Coronavirus | After Indore, three nearby districts see surge in deaths

They account for 85% of fatalities in Madhya Pradesh

April 25, 2020 10:26 pm | Updated 10:26 pm IST - Bhopal

Sigh of relief:  Patients who recovered from COVID-19 getting ready to leave a hospital in Indore on Friday.

Sigh of relief: Patients who recovered from COVID-19 getting ready to leave a hospital in Indore on Friday.

Three neighbouring districts of Indore — which reported the most COVID-19 cases in Madhya Pradesh — are fast emerging as the new hotspots. Three out of four patients to die of the illness in the State come from the four districts combined.

The alarming trend is prompting health experts to enquire into why 85% of the 99 deaths owing to COVID-19 have occurred in just four of the 52 districts. After Indore, the country’s cleanest city, Ujjain, Khargone and Dewas recorded the most number of fatalities in the State.

As of April 25, in Dewas district, having a population of just 15.6 lakh, as many as six, or 27.2% of all patients have died of the illness, registering one of the highest case fatality rates in the country. District’s Chief Medical and Health Officer R.K. Saxena said: “One of the recovered patients was a frequent traveller to a hotspot in Indore.” He unknowingly brought the virus upon seven members of his family, of which three have died.

The other three deaths were hastened by co-morbidities.

Also read: Coronavirus India lockdown Day 32 updates

In Khargone district, six or 10% of all patients have died so far. Whereas in Ujjain, 15 of 103, or 14.5% of patients who tested positive had died. The infection has inflicted the worst toll on Indore, where 57, or 5.25% of all patients have died of it.

Hospitals stretched

In the absence of enough government-run tertiary care centres in west Madhya Pradesh, patients from 14 districts are used to seeking treatment in Indore, whose own infrastructure is under stress now. “Our hospitals, both private and government, are overflowing,” said a professor at the government-run Mahatma Gandhi Memorial Medical College (MGMMC), Indore, requesting anonymity.
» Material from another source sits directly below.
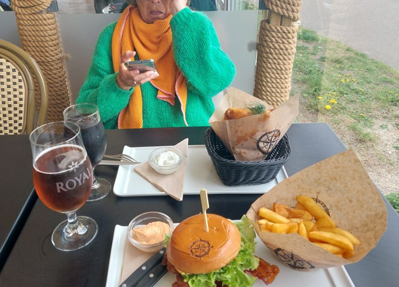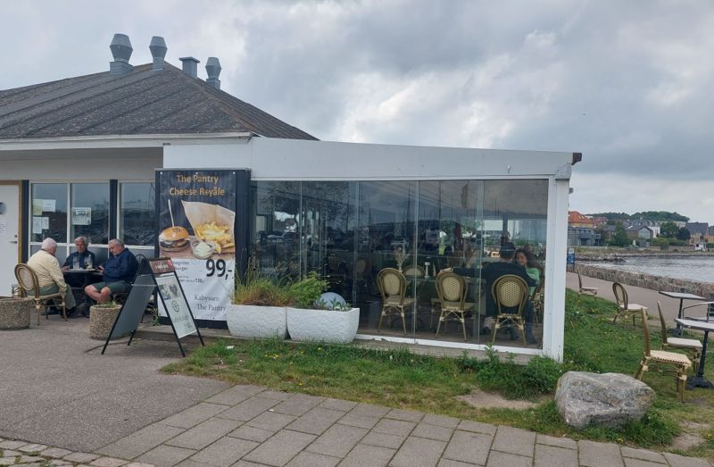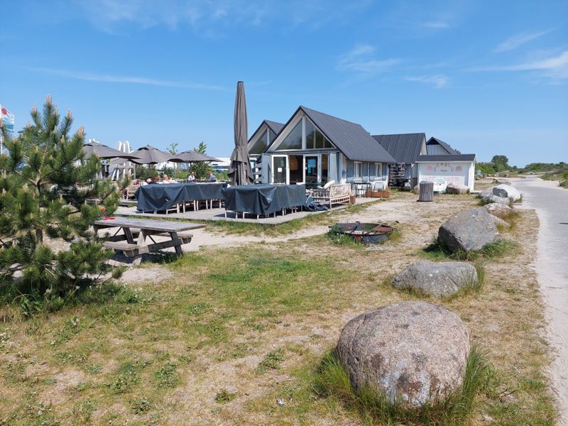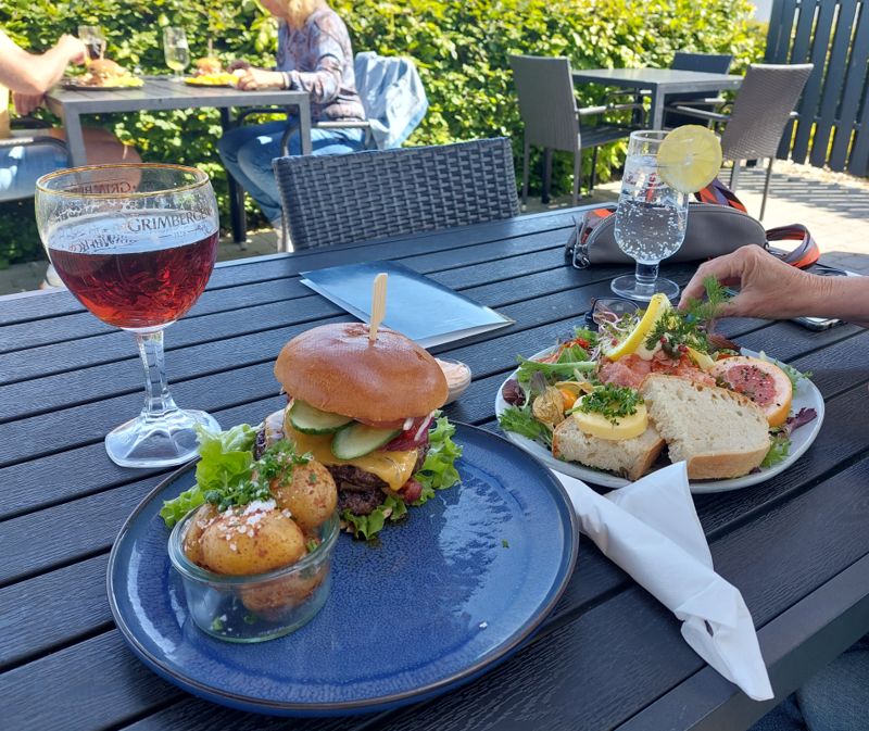 An der Bucht von Nykøbing gibt’s im Café Nokken was zu futtern, Burger und Lachssalat, einfach lecker, eine glatte 2+.

Also read: In Madhya Pradesh, power play during a pandemic

The virus’s spread could majorly be contained by restricting mobility, including that of patients, said Salil Sakalle, associate professor, Community Medicine department at the college. “Shifting every coronavirus patient elsewhere for treatment increases the probability of infecting another 20-25 people, as they are accompanied by attendants too. Therefore patients from neighbouring districts are now being mostly treated there itself unless serious,” he said.

Health experts were considering whether carriers had taken the virus from the hotspots of Indore to other districts, said Lokendra Dave, member of the State COVID-19 Technical Advisory Committee. “The virus may have been carried by those violating the lockdown and travelling,” he said.

Moreover, he said, many patients were presenting themselves late at hospitals “Around 60 of the 80 initial deaths can be attributed to late reporting. People still do not take cold, cough and fever good enough a reason to see a doctor,” said Dr. Dave.

“The fear surrounding isolation further prevented the infected to approach the health system. There is social stigma and phobia attached with the coronavirus,” he said.

In addition, the MGMMC, on advice of the State government, is sending samples collected from the four districts, including Indore, to the National Institute of Virology, Pune, to ascertain whether a mutated, more virulent form of the virus is causing more deaths in the region.

There was no question of the virus travelling from Indore to neighbours as the lockdown was being imposed strictly, said Akash Tripathi, Indore Divisional Commissioner. “Only for essential services and emergencies are we relaxing it,” he clarified.

Still, the virus is spreading to at least two-three new areas every day in Indore, he admitted. “At least 10% of recent cases have come from newer areas. The epidemiological link is that doctors, police personnel and pharmacists, who often work in containment areas unknowingly carry it back to their residential areas.”